Here’s why a carbon tax is key to fighting global warming
By Jon Clark
When it comes to why the United States lacks serious climate change legislation that would reduce our greenhouse gas emissions to stabilize our climate, there are many poor excuses but no good reasons.
One common excuse is what a friend of mine calls the China excuse. It goes like this: China is building new coal-fired power plants so why should we hobble ourselves with a carbon tax? The answer is there are many good reasons to pass a revenue-neutral carbon tax, one of the best being that by doing so we can put pressure on developing countries like China to clean up their act as well.
We are digging up and releasing massive amounts of carbon into the atmosphere from burning fossil fuels. Carbon dioxide levels in our atmosphere are the highest they’ve been in the past 800,000 years – before humans existed, sea levels were much higher and the earth was much hotter.
By treating our atmosphere like a garbage dump and allowing society to pump unlimited quantities of carbon pollution into it free of charge, we are recreating the chemical composition of our atmosphere from millions of years ago.
Our climate, the ice sheets and sea levels are responding to the change. At the start of the Industrial Revolution, carbon dioxide levels in our atmosphere were 280 parts per million (ppm); in 2013 we passed 400 ppm.
Recently James Hansen and 17 of the world’s leading climate experts published a new study where they make the strongest case to date for a target of 350 parts per million of carbon dioxide in the air, or about 1 degree celsius (1.8 degrees F) total warming. Many scientists consider 350 ppm a “safe” level of carbon dioxide.
The study recommends that greenhouse gas emissions should decline by 6% per year starting immediately to avoid disaster. We are currently raising carbon dioxide levels globally by 2 percent to 3 percent per year.

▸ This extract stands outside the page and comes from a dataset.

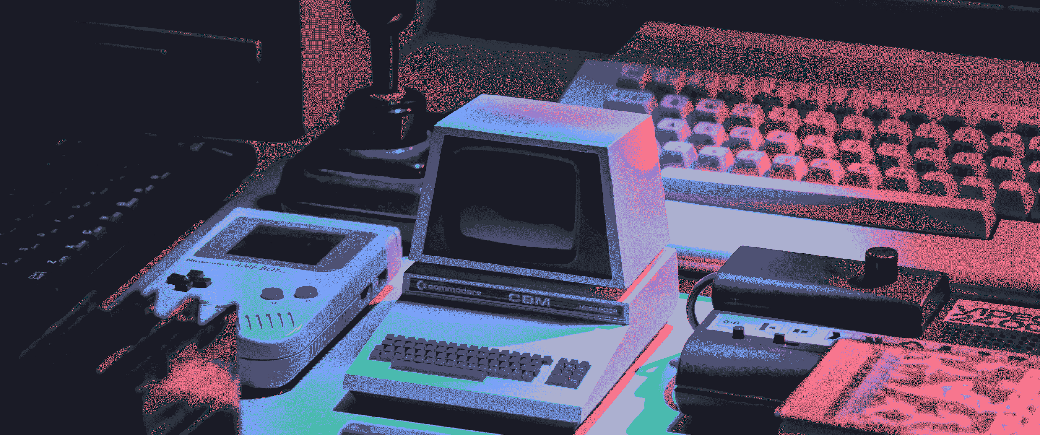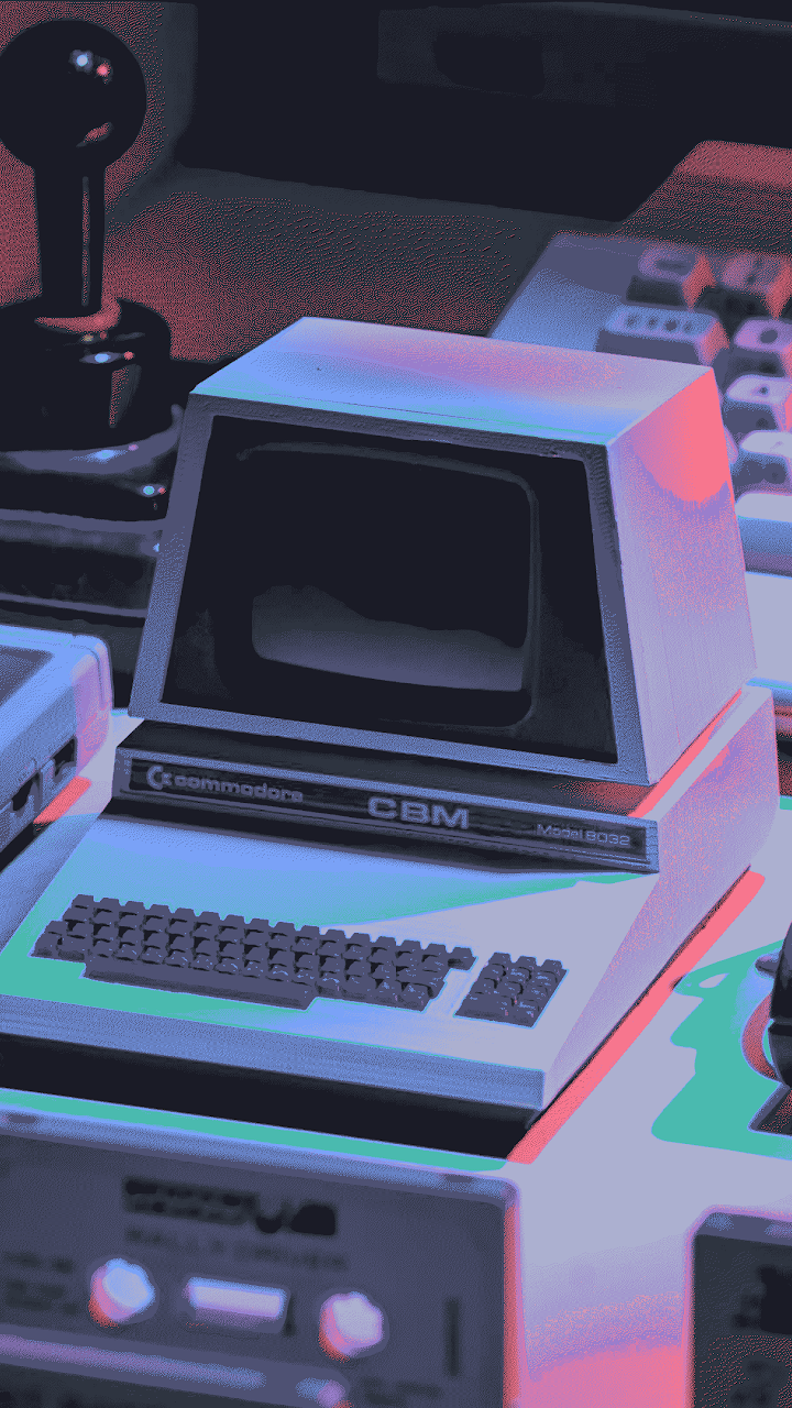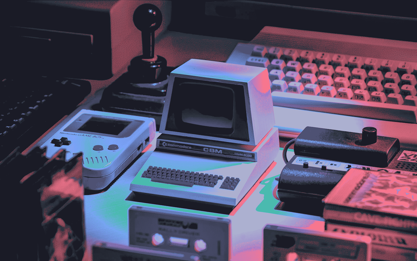 Retro Gaming, Vintage Computer, 80s Technology, Video Game Console. 4K Desktop and Mobile Wallpaper Background with a maximum resolution of 3840x2160 px.

The solution that economists recommend is taxing carbon pollution to make up for the hidden costs to society by burning fossil fuels. Taxing the bad stuff we want less of -like carbon pollution- makes much more sense than taxing the stuff we want more of – like income.
A “tax swap” would make the carbon tax revenue-neutral by returning equally to taxpayers 100 percent of the revenue collected and ensure that poor and middle-class families are not negatively affected.
This market signal would shift investment money away from fossil fuels and towards clean, carbon-free forms of energy and manufacturing, making clean energy cheaper than fossil fuels. Where investment dollars flow, jobs will follow.
Here is the best part about a carbon tax. To protect American businesses from being undercut by foreign corporations (much like what happened to American solar manufacturer Solyndra when China dumped a large amount of heavily-subsidized solar panels on our market), we can tax imports from countries that do not a have a price on carbon emissions.
These countries would be forced to pay border penalties to the United States to retain access to lucrative American markets. The only way for the countries to avoid these penalties would be for those countries to also put a price on carbon.
Experts say this would not violate any current trade agreements “provided that policymakers carefully design a [carbon] tax, keeping in mind the basic requirements of the World Trade Organization not to discriminate in favor of domestic producers or to favor imports from certain countries over others… the threat of World Trade Organization challenges should not present a barrier to policymakers wishing to adopt a carbon tax system now.”
This is according to Jennifer Hillman, who was approved in December 2007 by the members of the World Trade Organization to serve as one of the seven members of the World Trade Organization’s appellate body, the final adjudicator of international trade disputes.
The China excuse doesn’t hold up under scrutiny and is actually a good reason for us to enact a revenue-neutral carbon tax with border tax adjustments on countries without a price on carbon.
With carbon dioxide levels going in the wrong direction, Congress can take a leadership role in addressing climate change by passing a revenue-neutral carbon tax.
If we do this smartly, we can put the power of the free-market to work to grow our economy while cleaning up our air and water and preserving a relatively stable climate for future generations.
As Hansen and the 17 other climate experts conclude in their study, “Our parent’s generation did not know that their energy use would harm future generations and other life on the planet. If we do not change our course, we can only pretend that we did not know.”
Jon Clark is Mid-Atlantic regional coordinator for Citizens Climate Lobby.